​Be sure to actually test the power supply.  I've had servers that 'powered up' that didn't really.  ​

-- JD Austin
Voice: 480.269.4335 (480 2MY Geek)
jd@twingeckos.com



On Tue, Apr 22, 2014 at 6:01 AM, Stephen Partington <cryptworks@gmail.com> wrote:
I have had very poor experience with the technical knowledge at fry's electronics. Data doctors is good but pricy. 

Some things you can try is pull all components except CPU and the rest the bios. If you get beeps your board is not 100% gone.
The add one stick ram and video. If you still get beeps try another stick of ram. If you still get beeps but no post try an alternate graphics card or see about testing it in another machine.

CPU fail rates are ridiculously low but not impossible. After that go round you can try pulling it along with everything else and give it one more try empty and see if there is a beep code.

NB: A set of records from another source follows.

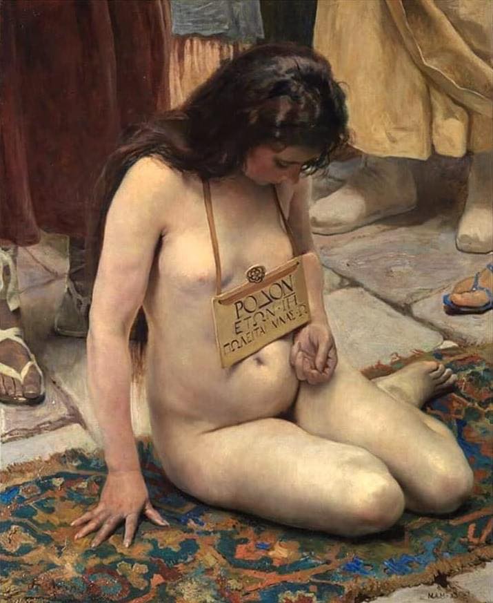 Ελληνίδα σκλάβα προς πώληση σε αγορά της Ανατολής, εντελώς γυμνή, πάνω σε ένα χαλί.
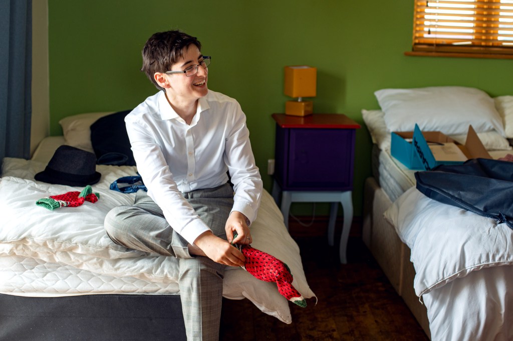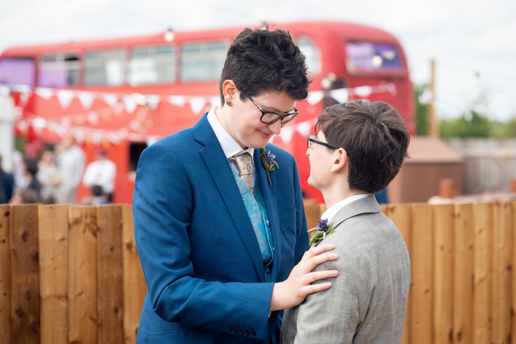 We are back at an old favourite venue, The Missing Sock, which is as delightfully colourful as ever. The day was full of laughter, height jokes, and good company. There was also exceptionally good food, with their “cake” being a selection of brownies topped with figures of themselves and their cat Mac. I hope you enjoy the photos as much as I enjoyed attending the wedding (which is “a lot”).
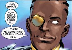 In his superheroic form, though, one of his eyes is missing. While this does entitle him to a cool golden eyepatch, it raises the question of how this will affect his superhero abilities. He joined the DC Universe as a Monitor back in Final Crisis, and is now “Nix Uotan, Superjudge;” in other words, his whole identity as a superhero depends on observation, which I imagine will be more difficult to navigate without his right eye. Also, since the right side is traditionally the side of favor or goodness, as opposed to the “sinister” left side, Nix is specifically missing his “good” eye.
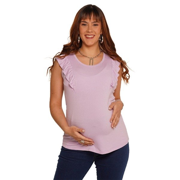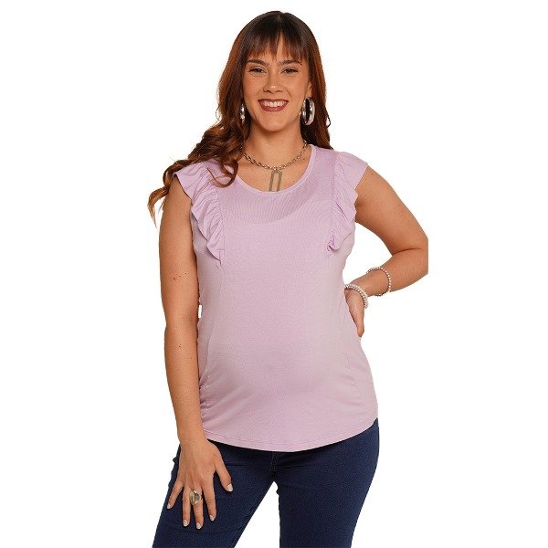 Esta remera de suave modal es ideal para uso diario, con comodo sistema de lactancia debajo los volados,
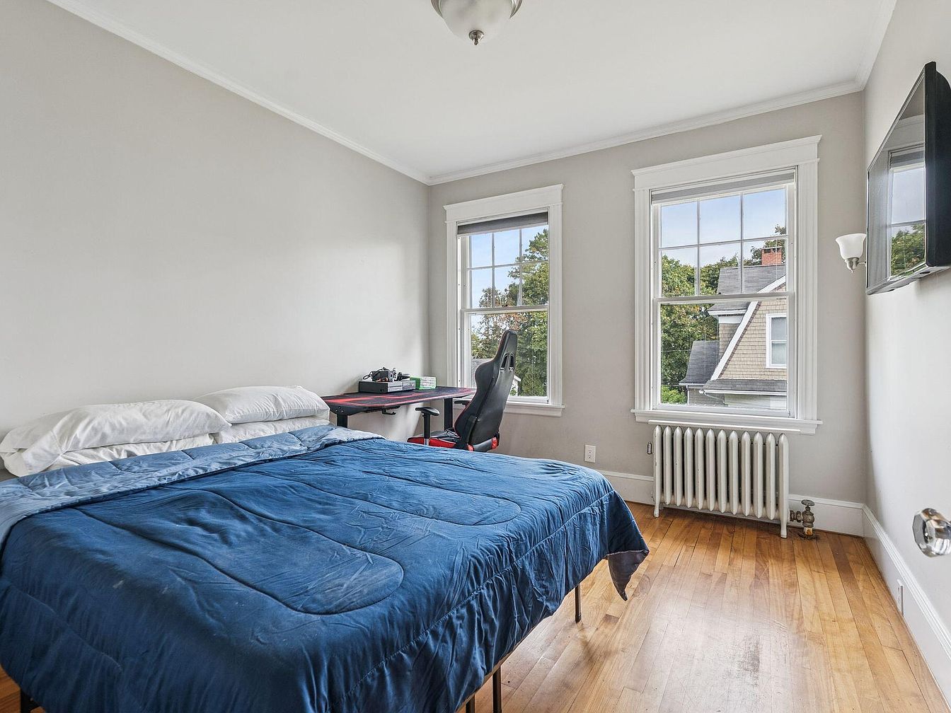 This bedroom features a serene layout with a large bed covered in a navy blue comforter, set against a muted beige wall. Two tall windows frame the space, allowing ample natural light and offering views of the neighborhood. A sleek black desk occupies one corner, paired with an ergonomic chair, while a flat-screen TV is mounted on the adjacent wall. A vintage-style radiator adds character, sitting beside warm hardwood flooring that enhances the room’s cozy feel. The crown molding above subtly highlights the room’s height, contributing to an inviting atmosphere perfect for relaxation or productivity.
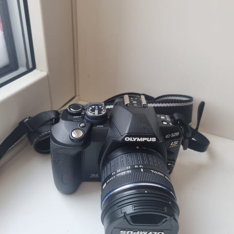 Olympus E-520 digital speilreflekskamera selges da det ikke blir brukt. God kamera med bildestabilisering i kroppen. Følger med original lader og 2 objektiver.
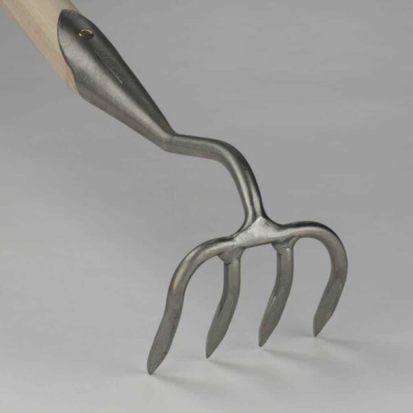 Die vier feinen Zinken lockern den Boden auf, verbessern die Sauerstoffzufuhr und erleichtern das Entfernen von Unkraut. Das schlanke Design macht die Harke ideal für Arbeiten in engen Pflanzbereichen, Hochbeeten und zwischen empfindlichen Blumen.
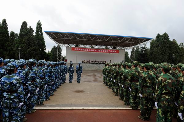 5月25日上午10:00,我院2012级军训汇报表演暨总结表彰大会在昆明民族干部学院阅兵场隆重举行。
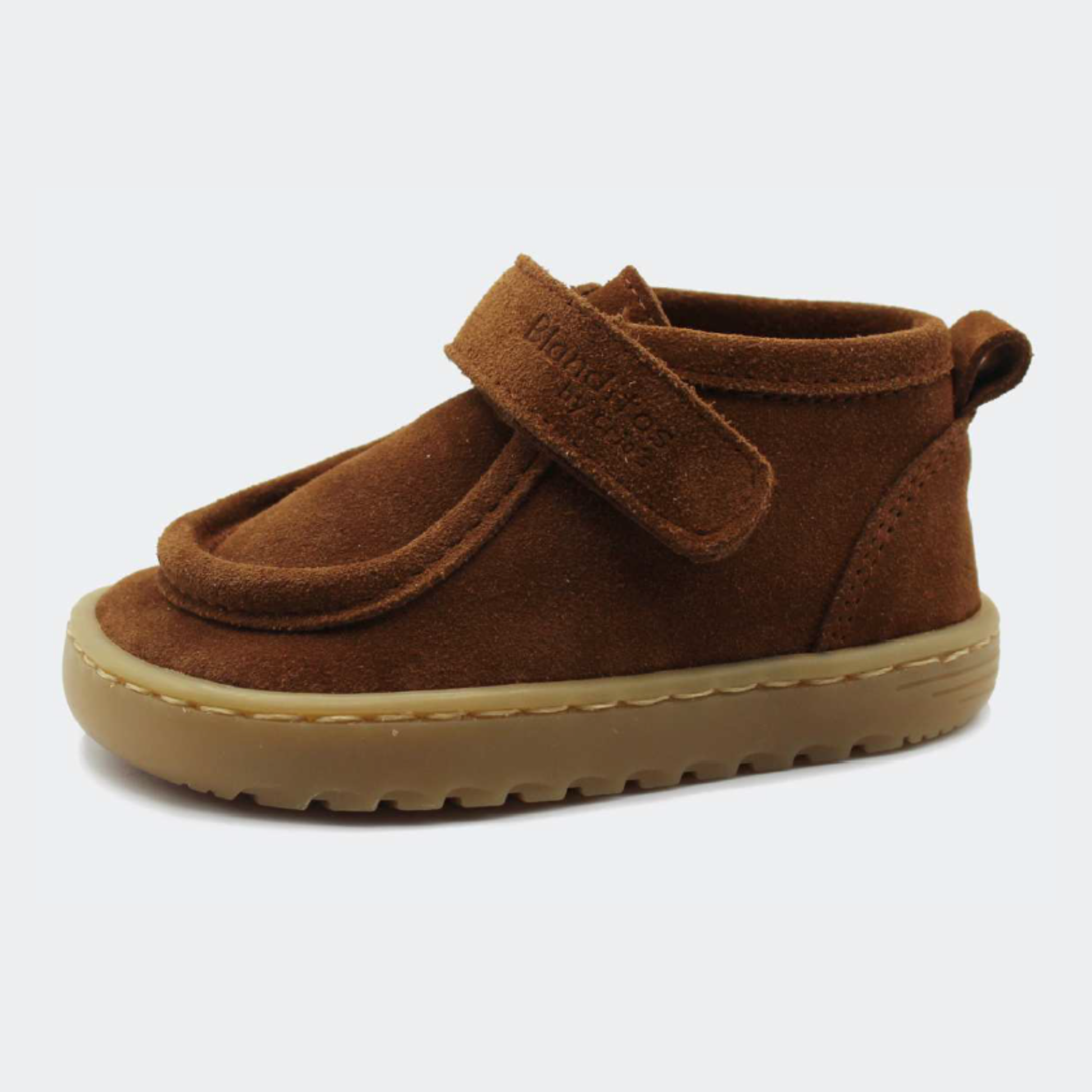 La botita Sahara de Blanditos está confeccionada en piel serraje, con plantilla y forro de microfibra que garantizan comodidad y transpirabilidad. Su cierre de velcro facilita el ajuste y la suela de caucho natural aporta adherencia respetando el entorno. Diseñada con una horma amplia en la zona de los dedos, permite el crecimiento natural del pie infantil sin restricciones. No cuenta con puntera reforzada, por lo que no es recomendable para actividades con fricción intensa como correpasillos o gateo, protegiendo así la integridad del cuero.
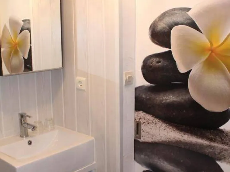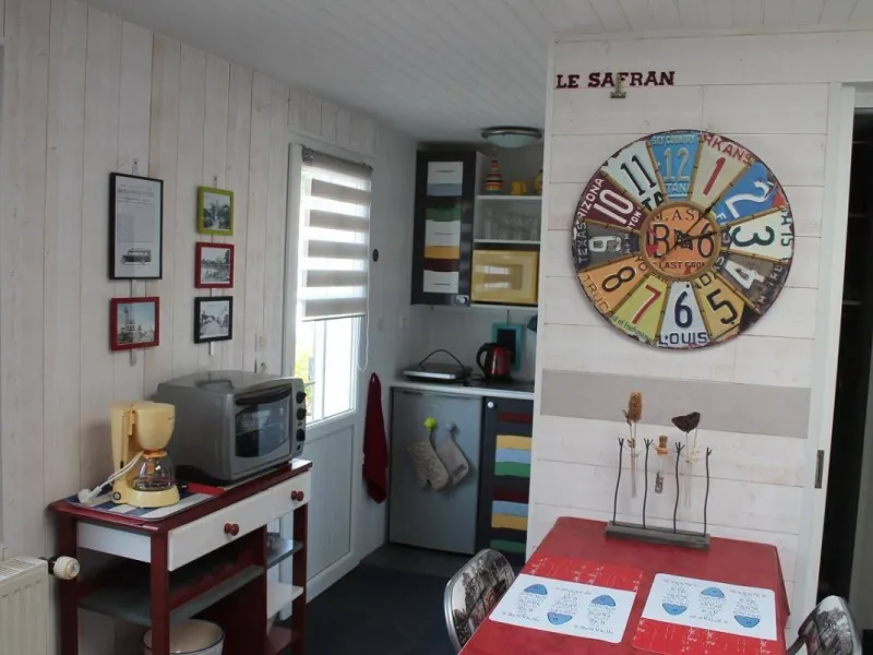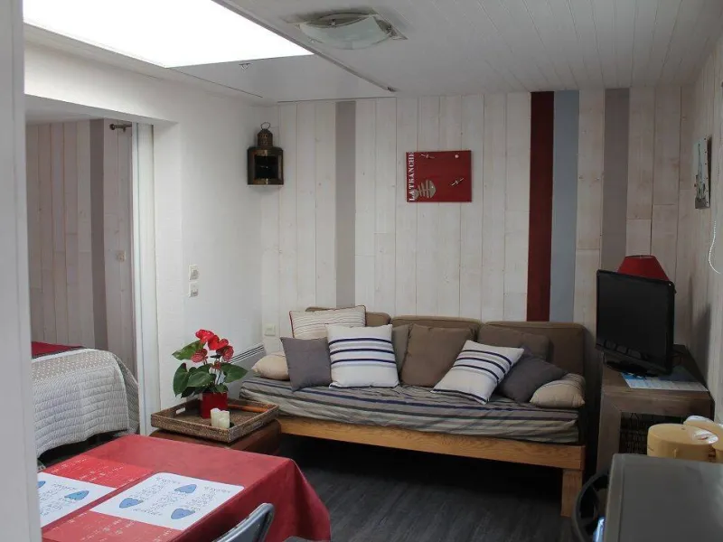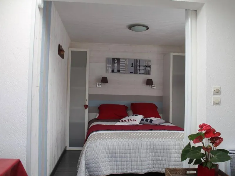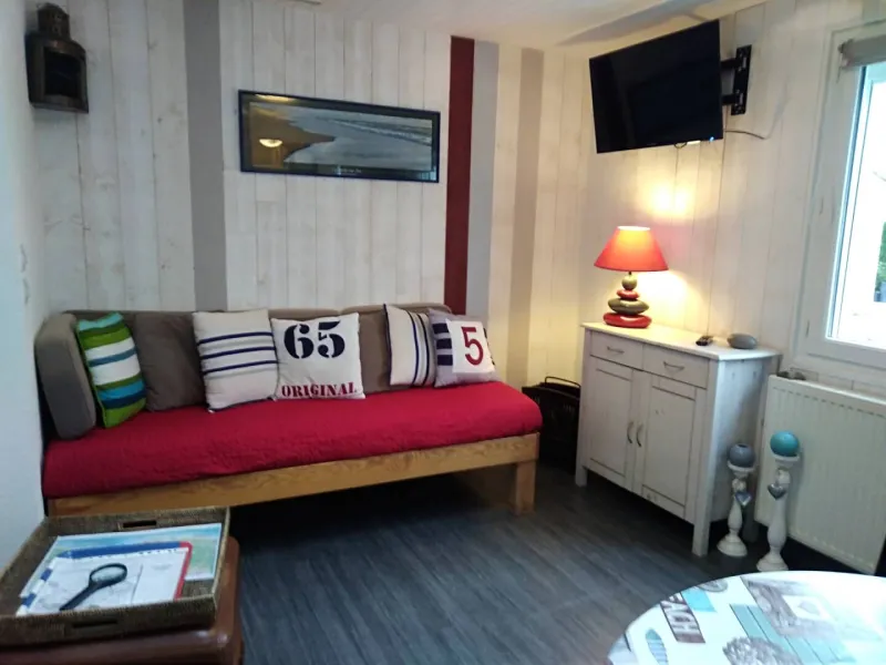 Gîte set in a house located in a residential area on a 1100 m² property comprising the owner's accommodation, 2 other gîtes and a chambres d'hôtes. Ground floor: living room/kitchen (mini-oven), small bedroom (1 double bed), shower room/wc. Garden furniture, electric grill. Shared swimming pool (5x11m) open from Easter to September. Parking in the street in front of the property.Localisation
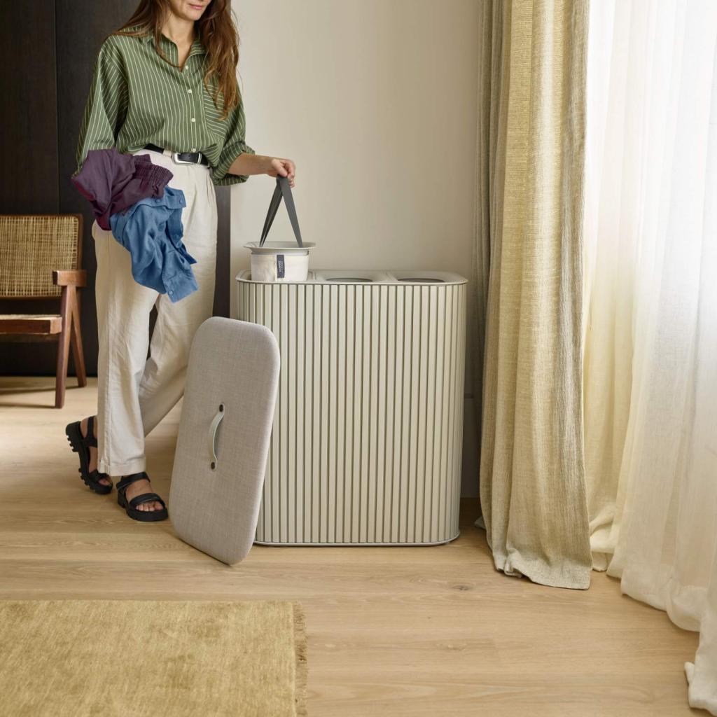 - Laundry bin Joseph Joseph TOTA TRIO LUXE in ecru is an elegant and practical solution for sorting laundry in a modern household.
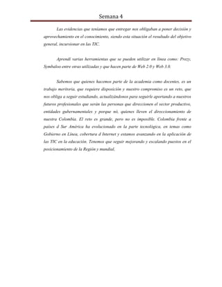 El documento presenta una reflexión sobre lo aprendido durante las 4 semanas del curso. El autor agradece a la instructora por guiarlos paso a paso y enseñarles herramientas como Prezi y Symbaloo. Como docente, reconoce la importancia de actualizarse constantemente en tecnología educativa para preparar a los estudiantes. Además, resalta los avances de Colombia en áreas como gobierno digital e implementación de TIC en educación, aunque aún queda trabajo por hacer para mejorar a nivel regional y mundial.
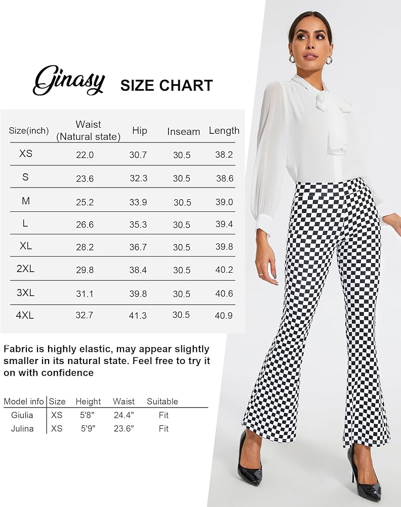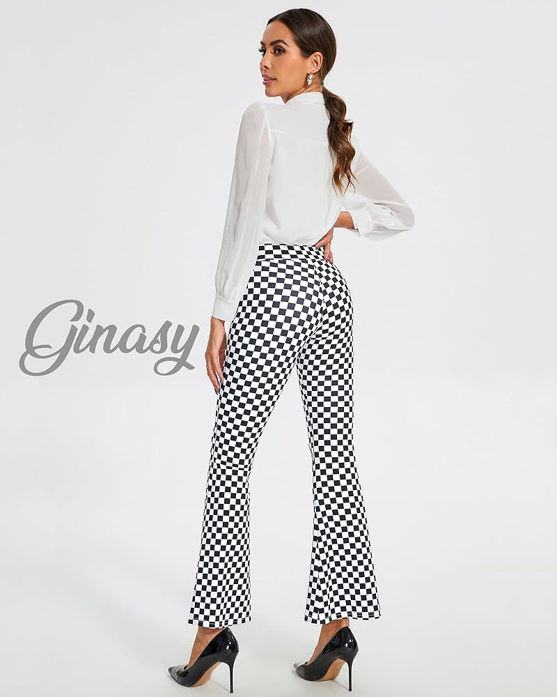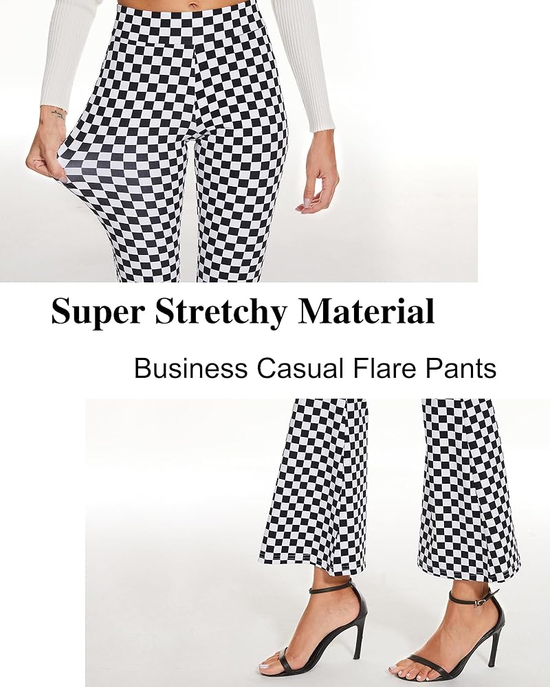 Fashion-Forward Bootcut Leggings: Tummy control office work pants for women, embrace a cutting-edge pant silhouette with these expertly tailored bottoms designed to hug the curves elegantly up top and gracefully flare out at the bottom. High waisted checkerboard pattern pull on pants design exudes sophistication, setting the stage for a truly stylish statement.
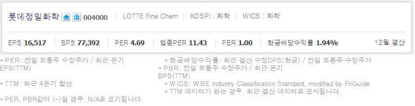 롯데정밀화학 ( 004000 : 코스피 ) - 12월 16일 장 마감 기준
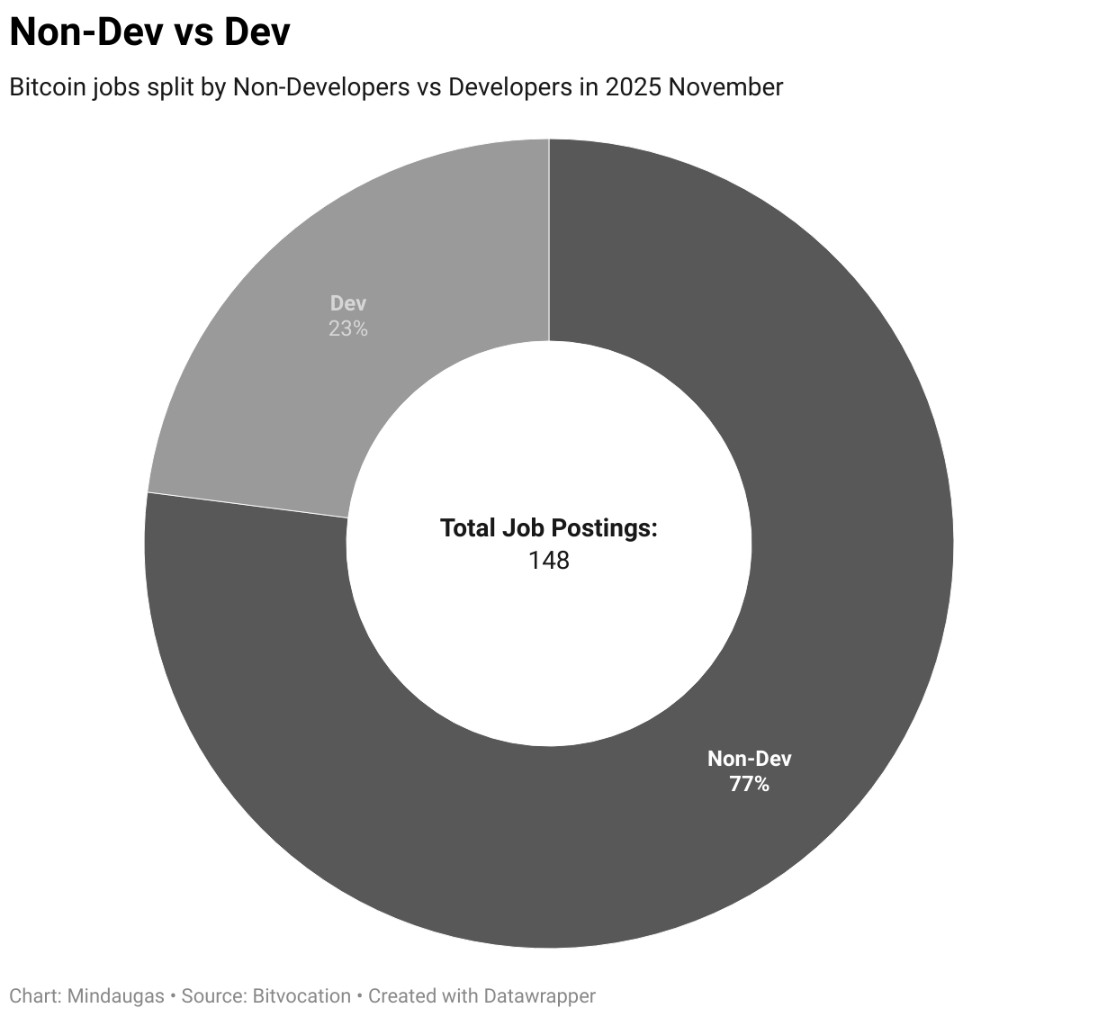 Bitcoin jobs split by Non-Developers vs Developers in 2025 November

Then final step would be for try an alternate power supply. I have seen them go bad and not give the right power to the core so it comes up but never all the way.

Hope this helps.


On Monday, April 21, 2014, AZ Pete <plug@cactusfamily.com> wrote:
Hi All,

I'm having serious hardware issues with my main dev box and it is now completely down.
It's a fairly high end custom system (RAID, custom cooling, etc) that I built myself and has been quite stable for several years.
The box powers up and the LEDs on the motherboard light. But it never reaches POST.
The M/B has an LED that displays the boot hex codes on the board as it goes thru POST. Nothing is being displayed.
I've tried pulling out the video card and disconnecting all the peripherals, but that didn't help.

I'm thinking that the motherboard may be the problem.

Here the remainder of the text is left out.